Wilderness Safaris purpose today is stronger than ever in their dedication to conserving and restoring Africa’s wilderness and wildlife. Operating in seven countries with over 40 camps, they exist to protect wilderness areas and the fauna and flora they support. Wilderness believes that in protecting these areas and including local communities in this process, they will make a difference to Africa and ultimately the world.
Wilderness Safaris recently rebuilt its Serra Cafema camp, which is now exclusively solar-powered. Each of the safari company’s lodges can be dismantled to leave no trace on the landscape should the lease run out. There are initiatives to help the local communities, whether it’s by collecting school children from boarding schools 25 kilometres away to spare them a trip by donkey cart, employing villagers to do things like laundry or providing water and food waste for livestock. At Serra Cafema, Himba women produce the Mbiri bath products, which are made with the resin that they have been harvesting for centuries from the ombumbiri-tree.

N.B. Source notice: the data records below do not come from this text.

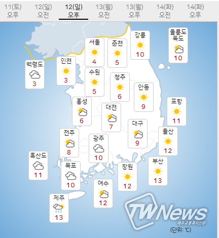 낮 기온은 1~12도로 (11일, 낮최고기온 9~11도)과 비슷하거나 낮겠다.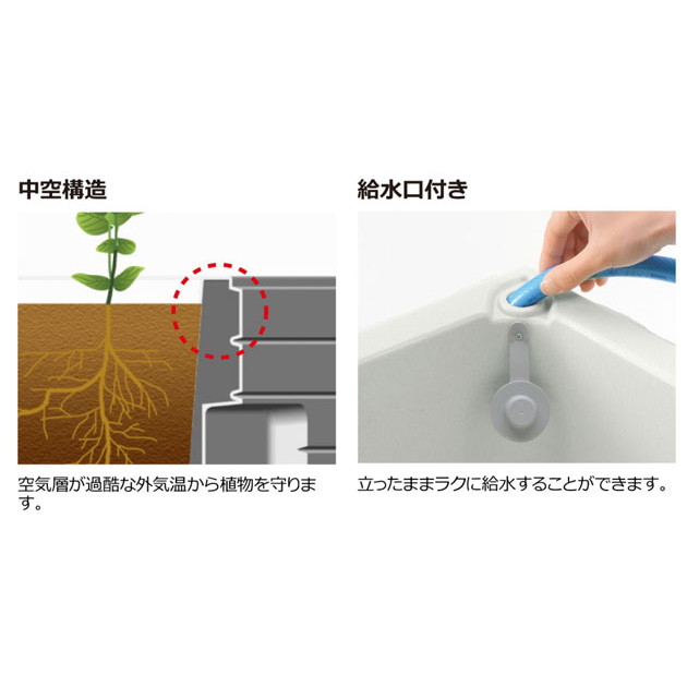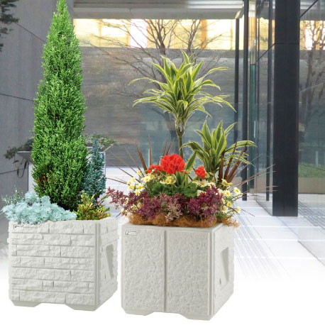 ●水やりの頻度を減らし手間を軽減してくれる底面給水機能付きの大型プランターです。公共施設や病院・店舗・会社・町内美化など幅広くご使用いただけます。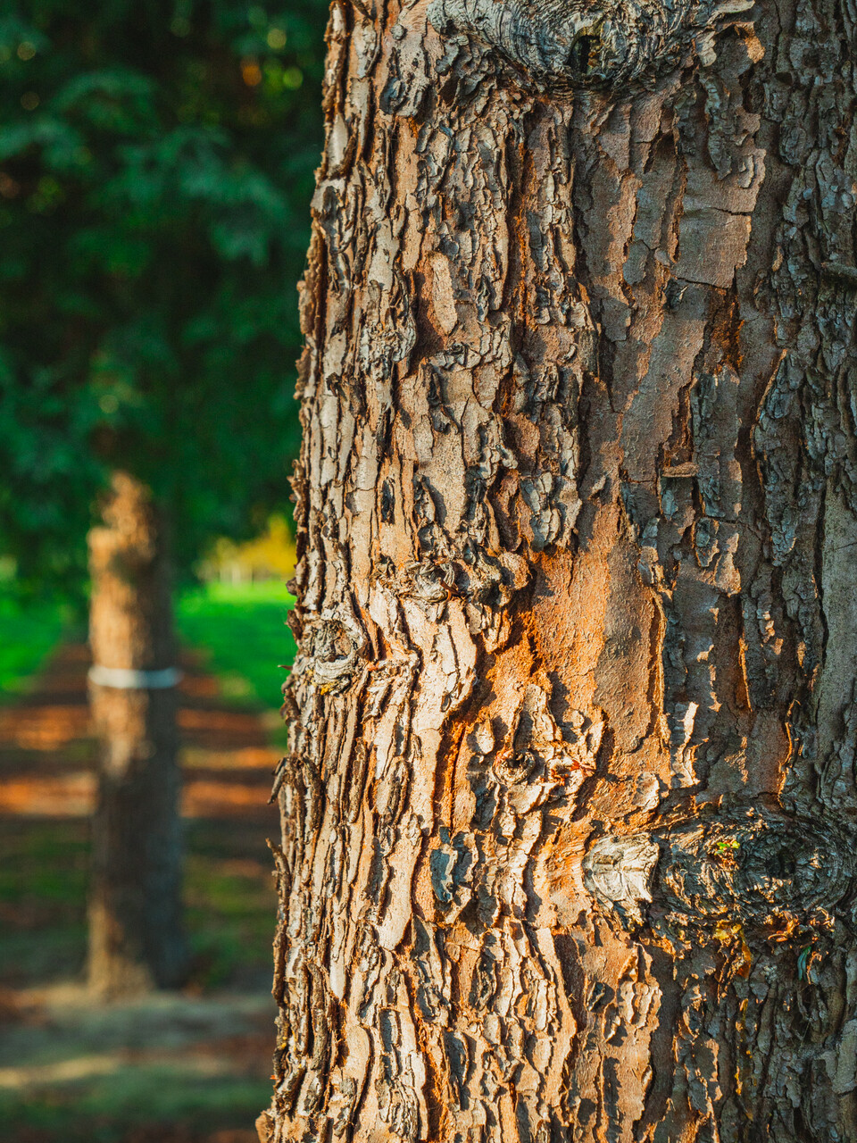 Zweige rotbraun, Rinde orangebraun, zart faserig in langen Streifen abschuppend
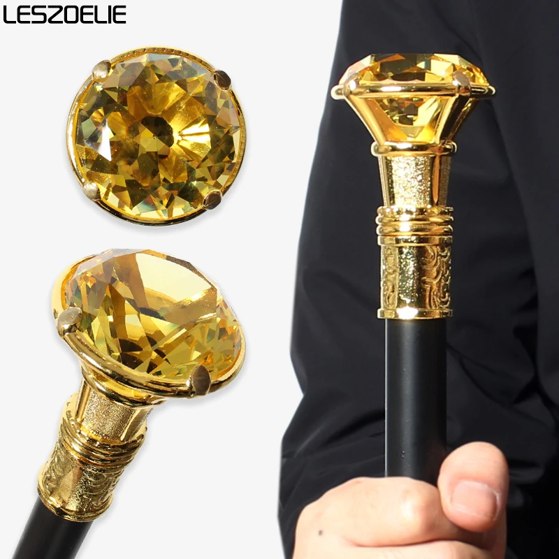 90cm 노란색 크리스탈 다이아몬드 지팡이 금색 손잡이 패셔너블한 지팡이 남녀 공용 장식용 코스프레 지팡이

The landscape is incredible – Namibia has been called the land God made in anger and that emotion certainly makes sense here, where empty expanses of red deserts, huge yellow dunes and the occasional tuft of shrub form the Mars-like terrain. From the sky by light aircraft, (through Wilderness Air), you’ll be able to spot mysterious fairy circles: these sparse round patches are numerable in Kaokoland, yet their origin is unknown. Theories range from the straightforward boma or livestock-enclosure, marks left by the nomadic Himba people; a by-product of volcanic heat; termites to the fantastical literal fairy circles, created by local imps or aliens.
There are of course also Wilderness camps on the Skeleton Coast and right down south near some of the most famous sand dunes in the world at Sossusvlei.
A 90-minute hop by Wilderness Air south will get you to the famous Damaraland, where the namesake camp occupies its own pristine wilderness and activities include mountain hikes and safari drives in search of flocks of ostrich, desert-adapted elephant and daintily hopping oryx. Or track black rhinos in the wild and see the work the Save the Rhino Trust is doing to protect these endangered animals and restore the population levels with a visit to Desert Rhino Camp, also in the north-west.
Within Namibia Wilderness offers 7 beautifully positioned camps which include; Serra Cafema Camp, Damaraland Camp, Doro Nawas Camp, Desert Rhino Camp, Kulala Desert Lodge, Hoanib Skeleton Coast Camp, and Little Kulala.